Material provided ::
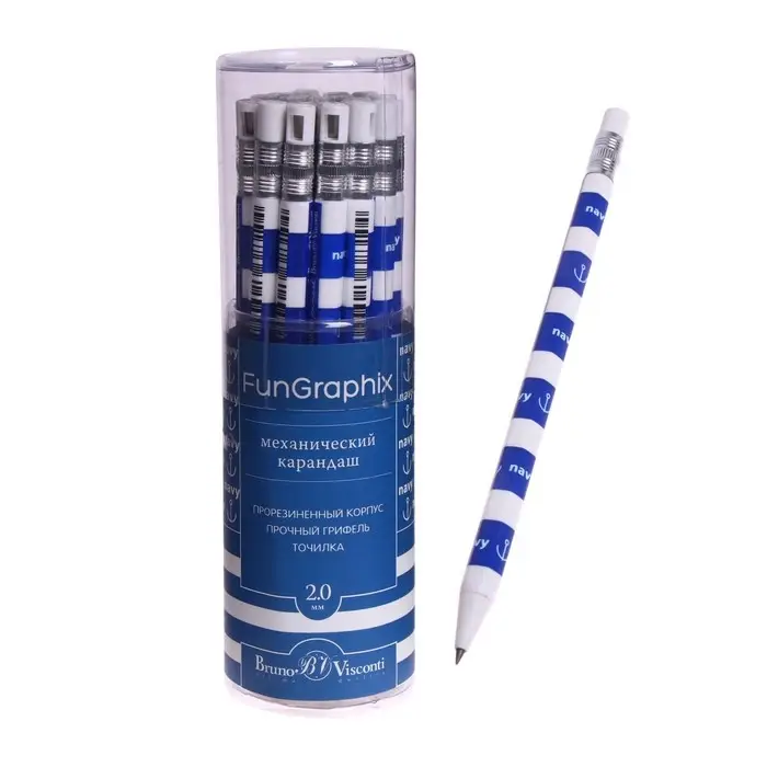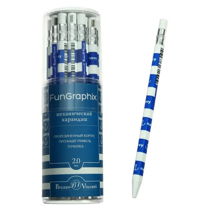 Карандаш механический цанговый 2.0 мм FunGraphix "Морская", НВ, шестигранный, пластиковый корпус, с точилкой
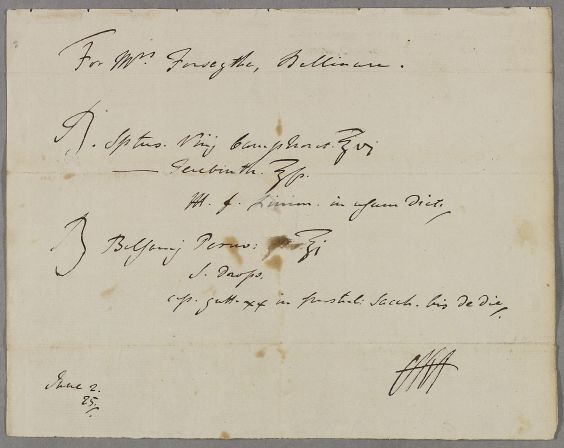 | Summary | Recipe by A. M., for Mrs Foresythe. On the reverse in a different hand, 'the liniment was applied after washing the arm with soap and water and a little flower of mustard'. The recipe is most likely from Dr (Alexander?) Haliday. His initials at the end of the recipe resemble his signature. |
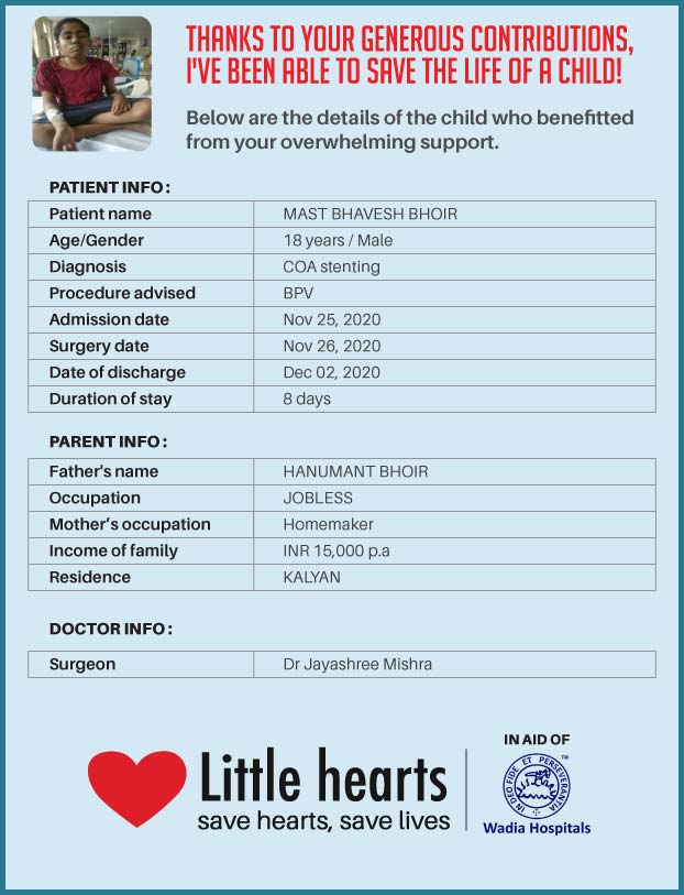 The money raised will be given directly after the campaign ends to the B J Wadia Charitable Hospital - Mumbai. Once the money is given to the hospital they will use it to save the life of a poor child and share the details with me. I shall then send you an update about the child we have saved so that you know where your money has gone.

Action item :: Retype nothing except the lines from the first line of the listing above through the line with "his signature. |", exactly as they stand, and no pictures.

Problem solution ::
 Карандаш механический цанговый 2.0 мм FunGraphix "Морская", НВ, шестигранный, пластиковый корпус, с точилкой
 | Summary | Recipe by A. M., for Mrs Foresythe. On the reverse in a different hand, 'the liniment was applied after washing the arm with soap and water and a little flower of mustard'. The recipe is most likely from Dr (Alexander?) Haliday. His initials at the end of the recipe resemble his signature. |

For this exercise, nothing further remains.